The second run also produced a negative result at exactly one point of the ladder: +156% against CFS at bg=1. The mechanism is node sizing, not the fence: the application requests 3.55 cores on a node with two physical cores, so confinement placed all 19 services on the SMT siblings of one physical core while CFS exploited the half-idle second core; at bg≥2 that core saturates and confinement wins. Re-run on a right-sized GKE node (c2-standard-8, application scaled so critical demand fits within physical cores minus one), the bg=1 point measures +14%, Temper wins from bg=2 (−39% at bg=4), and Temper's tail is flat at 8.5–9.2 ms at every density. The resulting sizing rule — critical demand must fit within physical cores minus one — is stated as first-class guidance in operations.
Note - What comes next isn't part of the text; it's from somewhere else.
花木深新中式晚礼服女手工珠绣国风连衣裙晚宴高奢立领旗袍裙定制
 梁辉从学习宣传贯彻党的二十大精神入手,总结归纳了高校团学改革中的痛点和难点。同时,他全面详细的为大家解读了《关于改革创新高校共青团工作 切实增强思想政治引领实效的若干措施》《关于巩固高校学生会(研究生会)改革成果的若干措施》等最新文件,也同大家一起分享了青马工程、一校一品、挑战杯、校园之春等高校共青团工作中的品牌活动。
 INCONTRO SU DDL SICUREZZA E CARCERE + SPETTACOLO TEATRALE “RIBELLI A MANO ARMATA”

Scheduler attribution and the watchdog fallback

sched_ext provides a kernel-enforced fail-safe: if any runnable task is not serviced within a 30 s watchdog timeout, the kernel ejects the BPF scheduler and the node reverts to stock CFS automatically. The node and its workloads keep running; the failure direction is loss of the fence, not an outage (the full contract is described in the failure-modes article). For measurement, this property means an attached-arm window is valid only if the scheduler was actually attached for its duration.
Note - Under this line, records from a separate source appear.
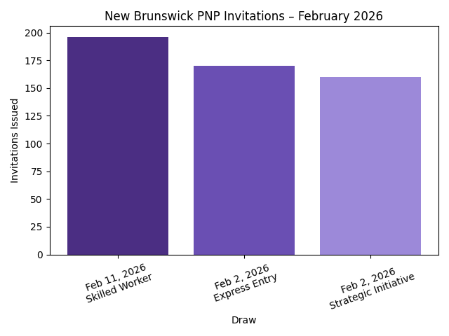The February 11, 2026 draw marked a new round of invitations under New Brunswick’s Skilled Worker Stream. This round followed two separate draws held on February 2, 2026 under different immigration streams.
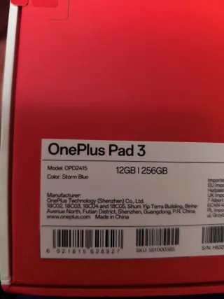 Tableta OnePlus Pad 3 en un elegante acabado gris violeta. - Diseño moderno y estilizado. - Acabado mate.
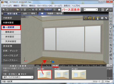 パース図表示にして「一括変更」の「ナチュラル」を選択後、内装を変更します。 |
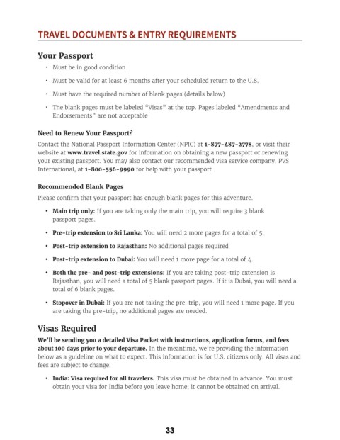 • Pre-trip extension to Sri Lanka: You will need 2 more pages for a total of 5.
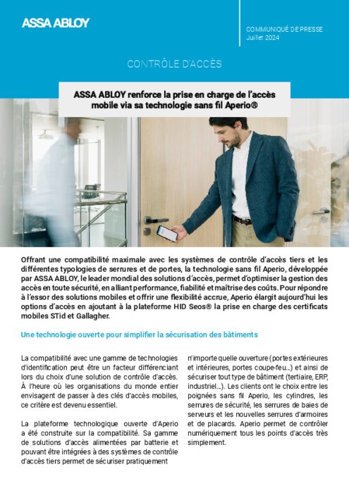 Offrant une compatibilité maximale avec les systèmes de contrôle d’accès tiers et les différentes typologies de serrures et de portes, la technologie sans fil Aperio, développée par ASSA ABLOY, le leader mondial des solutions d’accès, permet d’optimiser la gestion des accès en toute sécurité, en alliant performance, fiabilité et maîtrise des coûts.
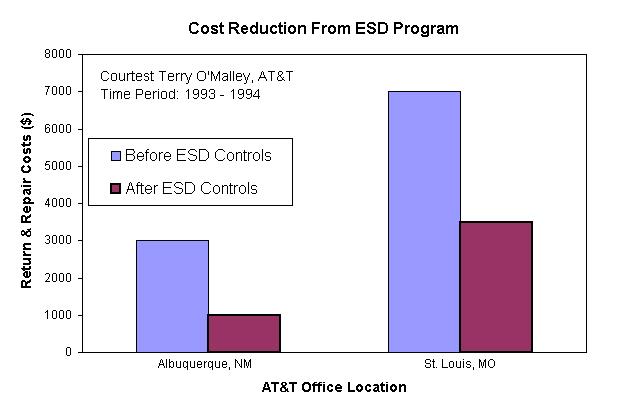 טרי אומאלי, לשעבר מנהל איכות ואחראי ESD בחברת AT&T, אסף מידע כזה לפני ואחרי יישום תוכנית לבקרת ESD. המידע שנאסף מראה בבירור חיסכון בהיקף של כ-50% בעלויות ההחזרות והתיקון, בשני האתרים שנסקרו (ראה תרשים 1).

Windows are therefore attributed by PSI fingerprinting. Node-level CPU pressure (cpu some) is captured before and after every window, and the two schedulers produce distinct pressure signatures at the same density: attached windows run 46–65% (confined spinners accumulate as runnable-but-waiting) while CFS windows run 6–35% (the pressure is distributed into the primary workload). Any window whose fingerprint indicates CFS is asterisked in the raw tables and excluded from attached-arm claims, never silently dropped. The classification is corroborated by the data itself: one excluded bg=2 window measured 102.6 ms against a CFS median of 104.6 ms, consistent with the window having run on CFS.
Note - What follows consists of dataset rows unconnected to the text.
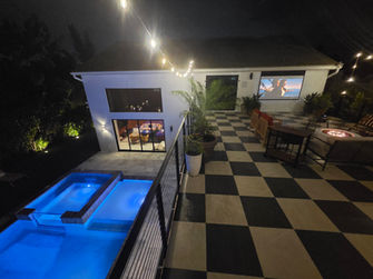 The backyard continues the adventure with a saltwater pool and jacuzzi, a cozy fire pit, and a Weber grill ready for group barbecues. Families and friends can spread out across a kids playground, trampoline, climbing wall, and mini golf putting green, while the game room keeps the fun going indoors with ping pong, foosball, and arcade machines. Every corner of the Oasis was created to invite laughter, play, and connection.
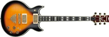 The AR720FM features a flamed maple top with abalone purfling and creme binding on a mahogany body mated to a set-in maple neck with a 22-fret ebony fretboard with abalone binding and split block position markers. Components include a Gibraltar fixed bridge with a sustain block, dual Ibanez Super 80 humbucking pickups with "Flying Finger" gold covers and individual volume and tone controls wired to Tri-sound switches which allow a wide range of tone options, gold Sure Grip III knobs, Ibanez Smooth Tuner AS tuning machines and a bone nut.
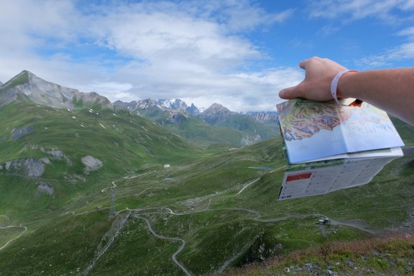 Evidemment qu’on randonne à la montagne. Mais souvent le point de départ des randos nécessite quelques kilomètres de voiture. Heureusement, La Rosière a édité une carte des randonnées (payante) qui nous a permis de repérer les randonnées accessibles à pieds depuis le centre, en prenant juste le téléphérique par exemple.

The shipping release includes two behaviors relevant to this fallback path. The scheduler provides a per-CPU starvation guarantee: CPU-pinned kernel threads, which cannot migrate to another CPU, are serviced on their own CPU regardless of layer accounting — the starvation class that can otherwise trip the watchdog on small, saturated nodes. The agent additionally runs a scheduler supervisor: an unexpected scheduler exit is detected, the advertised status is updated, and the scheduler is respawned within 3–5 s (measured by SIGKILL test). Zero watchdog ejections were observed across the validation runs of the current release.

Summary of findings

Kernel-enforced tiers control end-to-end tail amplification on a real 19-service application without application changes — the strongest end-to-end fence datum in the evidence set.
The failure direction of a lost fence is stock CFS: performance degrades to the baseline, not below it.
Window-level scheduler attribution (PSI fingerprinting, asterisked windows) is part of the committed methodology, and the exclusions are published in the raw tables.

Limitations

cpu.max is not enforced for tasks under sched_ext, so the attached arm effectively runs limit-free while the CFS arm is quota-throttled; attached-arm wins are labeled “fence + limit-bypass” in the record (see the CPU-limits article).
The two EKS runs used separate fresh clusters with materially different CFS baselines; results are quoted per run and never mixed across runs.
On a node where critical demand exceeds physical cores minus one, confinement can lose to CFS at low background density (+156% at bg=1 on the undersized node); the right-sized replication bounds this to +14%.
The measurement is end-to-end at the load generator; no hop-by-hop latency decomposition is claimed.

Raw records

docs/training-artifacts/deathstarbench/REPORT.md
docs/training-artifacts/deathstarbench/v14-validation/REPORT.md
docs/training-artifacts/pwb-v14-validation/raw/gke-e2-repro-agent.log
docs/training-artifacts/forensics/FINDINGS.md
docs/training-artifacts/forensics/FINDINGS-2-stranded-exclusive.md
docs/training-artifacts/headroom/gke-c2-http/v10-validation/REPORT.md
docs/training-artifacts/headroom/gke-c2-http/v11-validation/REPORT.md

Committed benchmark records in the product repository; design partners get the full artifact tree. Windows that ran after a watchdog eject are asterisked in the raw tables, never silently dropped.